First, previous literature on communication differences between the powerful versus the weak indicates that those lower in status use more tentative speech as a signal of insecurity [32], such as maybe, could, should. We expect to find such differences between high-status Wikipedia editors (whom we will refer to as administrators or admins) and regular editors.

Moreover, there is much interest in the literature with regard to the significance of first-person singular pronouns. The evidence is mixed, however: whereas the higher use of first-person active pronouns (e.g., “I”) can commonsensically be viewed as a signal of power or empowerment [32], a number of text analyses with the LIWC lexicon [33]–[35] find the opposite, i.e. heightened use of “I” is associated with the lower status of the writer. This self-focus has been interpreted as a strategy to draw attention to the less-powered self, in an attempt to highlight one's importance and merits. Taking gender into account, while an earlier study by Mulac, Bradac and Gibbons [36] finds evidence for men's use of first singular pronouns, more recent studies such as Mehl and Pennebaker [37] and Newman and colleagues [38] find that females are more self-focused. We study the use of “I” pronouns for the Wikipedia community, and propose several explanations for the results.

Despite being a showcase for open collaboration and peer-production, Wikipedia is not an open-source setting with a flat hierarchy. In fact, some authors contend that a strong motivation to contribute to Wikipedia is gaining and exercising power in the community [39], [40]. Higher-status Wikipedia editors are called administrators or admins. They are a special category of Wikipedia editors who generally assume responsibility in the community, which is associated with privileges compared to regular editors. For example, they are allowed to delete pages or block other editors [41].

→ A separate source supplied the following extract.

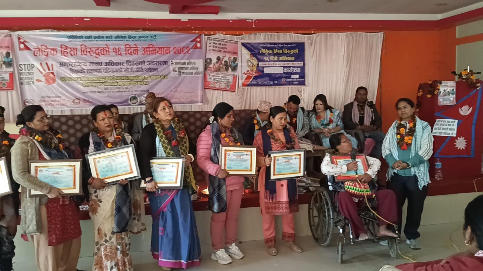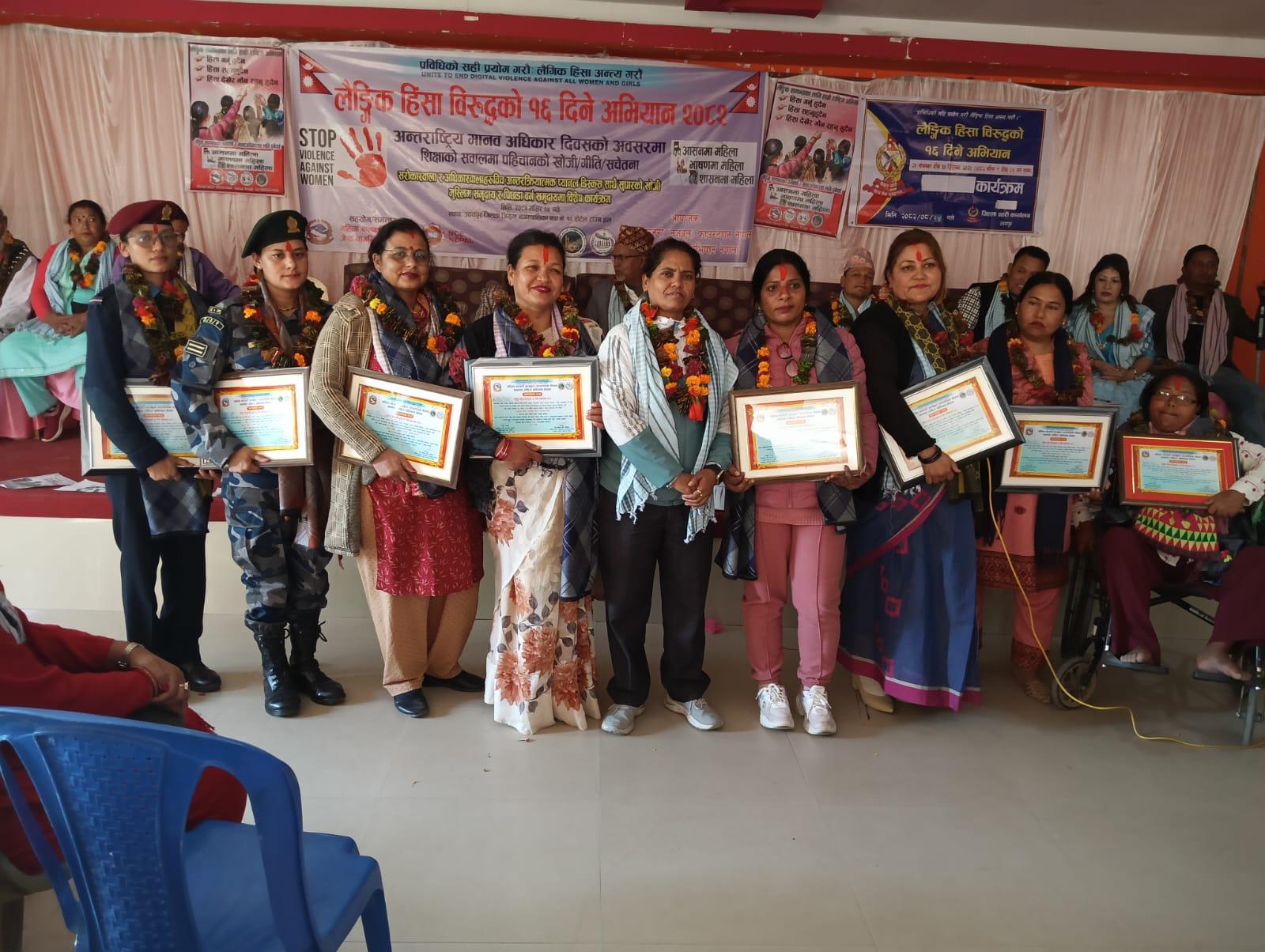 मादिना मञ्जरी फाउन्डेसनद्वारा १६ दिने अभियानको समापन, १० महिलालाई सम्मान ; फोटो ग्यालरी

There is little research on the emotional and language differences depending on status in Wikipedia. Panciera et al. [42] find that gaining status in Wikipedia leads to an increased formalization of speech. For example, higher-status editors refer more often to Wikipedia policies during discussion. On the other hand, they maintain a positive attitude, while less-experienced editors express more negative emotion [43]. We add to this literature by providing a much more detailed account of the differences in emotion and language use between administrators and regular editors.

Gender

This paper also examines gender differences in terms of emotional and linguistic expression. Previous literature finds a robust marker of gender – the positivity of language. Women use more positive language, and particularly so when engaged in conversation. Mehl and Pennebaker [37] found these results in a naturalistic conversation setting, and Newman et al. [38] found that women express more positive emotion when interacting with others, but not in other contexts, e.g., essays or stream of consciousness (a stream of consciousness writing task asks participants to write down thoughts and feelings). Additionally, Kivran-Swaine and colleagues [44] found that in Twitter women disclose more positive emotion than men, and especially so when interacting with other women. Given previous research, we expect Wikipedian women to use more positive language compared to male editors.

Furthermore, women are more likely than men to practice relationship-oriented speech to positively engage with others. A meta-analysis conducted by Leaper and Ayres [45] finds that women use significantly more affiliative speech than men. However, the difference is statistically significant only for conversations on non-personal topics, self-disclosures, and deliberations, as well as for same-gender groups (but not for mixed-gender groups). Men, on the other hand, use significantly more task-oriented, assertive speech than women. Again, the effect is significant for same-gender groups, and for discussions of non-personal topics or deliberations. Since the interaction in Wikipedia is generally on non-personal topics, yet takes place in a mixed-gender setting, we do not have a precise theoretical expectation concerning gender differences in relationship-oriented speech.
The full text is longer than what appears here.